**Information provided:**

[Start of section]

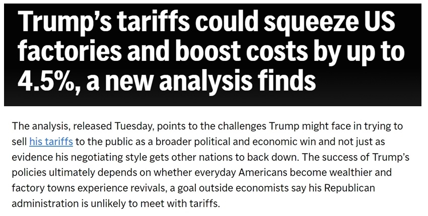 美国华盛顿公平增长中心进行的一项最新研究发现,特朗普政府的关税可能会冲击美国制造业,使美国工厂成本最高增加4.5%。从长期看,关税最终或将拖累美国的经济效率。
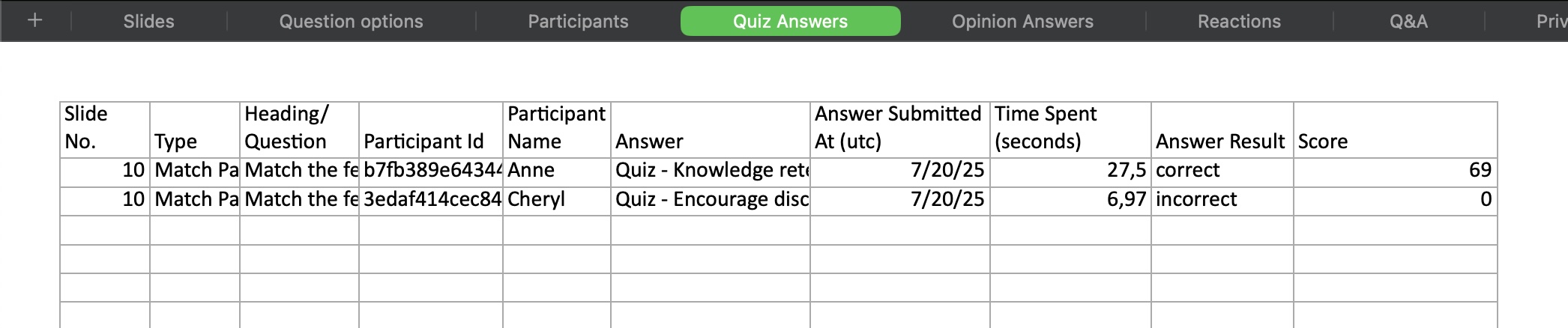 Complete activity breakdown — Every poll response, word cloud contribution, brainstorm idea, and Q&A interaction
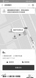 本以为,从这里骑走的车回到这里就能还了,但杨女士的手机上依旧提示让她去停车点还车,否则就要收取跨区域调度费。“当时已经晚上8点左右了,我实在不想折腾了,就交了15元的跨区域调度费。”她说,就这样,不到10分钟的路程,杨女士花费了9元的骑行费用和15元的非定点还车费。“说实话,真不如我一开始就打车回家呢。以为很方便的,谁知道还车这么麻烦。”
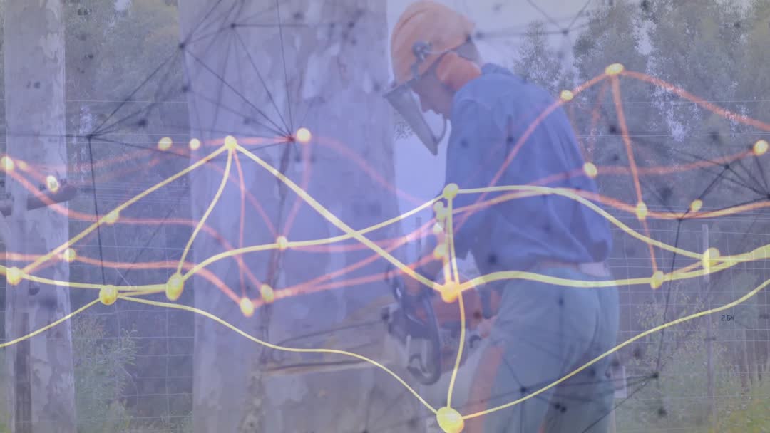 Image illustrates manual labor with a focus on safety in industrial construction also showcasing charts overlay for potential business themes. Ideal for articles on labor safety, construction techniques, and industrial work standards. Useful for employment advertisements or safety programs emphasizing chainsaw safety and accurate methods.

[End of section]

**What to do:** Could you transcribe exactly the lines from the one with "本以为,从这里骑走的车回到这" through the end of the data, both ends included, and nothing else, skipping the pictures?

**Written reply:**
 本以为,从这里骑走的车回到这里就能还了,但杨女士的手机上依旧提示让她去停车点还车,否则就要收取跨区域调度费。“当时已经晚上8点左右了,我实在不想折腾了,就交了15元的跨区域调度费。”她说,就这样,不到10分钟的路程,杨女士花费了9元的骑行费用和15元的非定点还车费。“说实话,真不如我一开始就打车回家呢。以为很方便的,谁知道还车这么麻烦。”
 Image illustrates manual labor with a focus on safety in industrial construction also showcasing charts overlay for potential business themes. Ideal for articles on labor safety, construction techniques, and industrial work standards. Useful for employment advertisements or safety programs emphasizing chainsaw safety and accurate methods.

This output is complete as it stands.